Надо ли говорить, сколь недовольна осталась Мнишковна моими словами. Воспользовавшись недолгой отлучкой Федора она, не удержавшись, прошипела:
– Значит, не угомонился ты, князь. Ну-ну. Тогда пеняй на себя. Як соби постелишь, так сие выспишь. И за свои худые словеса про римского папу ты горько поплатишься. Горько и… скоро. Совсем скоро. Поверь, ныне на совете токмо началом для тебя стало, а далее…., – она умолкла, переводя дыхание и еще сильнее поджав губы (не ниточки остались – прорезь какая-то), вдруг успокоилась. Загадочно улыбнувшись, она зловеще пообещала: – А впрочем, ни к чему сказывать. На Руси говорят: лучше один раз узреть, нежели…. Вот и узришь. Хотела я из милости грехи твои тяжкие покрыть, да не стану. Сам выбирайся.
Мне оставалось молча развести руками. Дескать, отчего не поглядеть. С радостью. Да и выбраться мне труда не составит, ибо не из чего.

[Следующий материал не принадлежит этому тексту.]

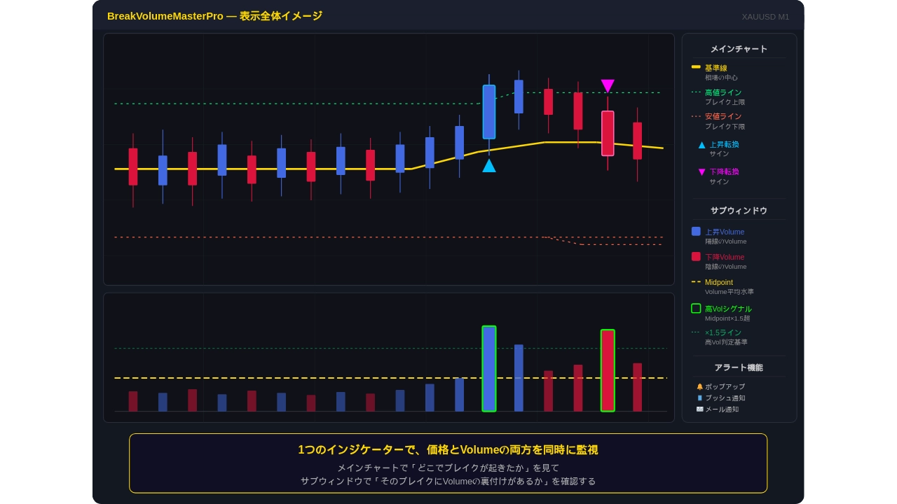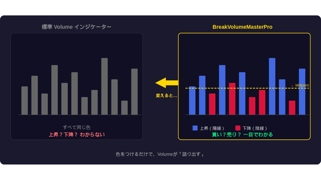 | 📊 BreakVolumeMasterPro(MT5インジケーター) | Volume色分け+ミッドポイント+ブレイクサイン統合インジケーター |
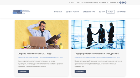 | AI-анализ | --- The website is a blog named "Блог Бел Учет - Бухгалтерия простыми словами" (Blog Bel Uchet - Buchgalteria Prostymi Slovami), run by Bel Uchet, a Belarusian accounting services company. The blog provides information about various accounting services and related topics, with articles written by Elena Razbitckaya. The website includes sections for the main page, prices and services, reviews, a blog, and contacts. The contact information for Bel Uchet is provided, including a phone number and email address, as well as a physical address in Minsk. The blog covers topics such as starting a business as an individual entrepreneur, hiring foreign citizens, tax calculations, and the tax system for individual entrepreneurs in Belarus. The website is written in Belarusian and Russian languages. |

Уходя от них я нос к носу столкнулся с Яном Бучинским. Выздоровел парень, зажили его раны, полученные во время боярского мятежа, и он вновь приступил к своим обязанностям секретаря. Правда, личного, при Марине Юрьевне и Годунове. Мнишковна его взяла якобы в память о покойном государе Дмитрии Ивановиче – как-никак пострадавший, но я догадывался о главной причине. По всей видимости она всерьез опасалась за бумаги из тайного архива Дмитрия: секретный договор с королем Сигизмундом, брачный контракт, тоже нежелательный для огласки, и так далее. Где их хранил покойный государь, осталось неизвестным. Спрашивал я Бучинского, когда он слегка оклемался, и тот показал тайник, но в нем их не нашлось. Получалось, где-то имеется второй и либо Ян знает о нем и молчит, либо Дмитрий не показывал ему это место….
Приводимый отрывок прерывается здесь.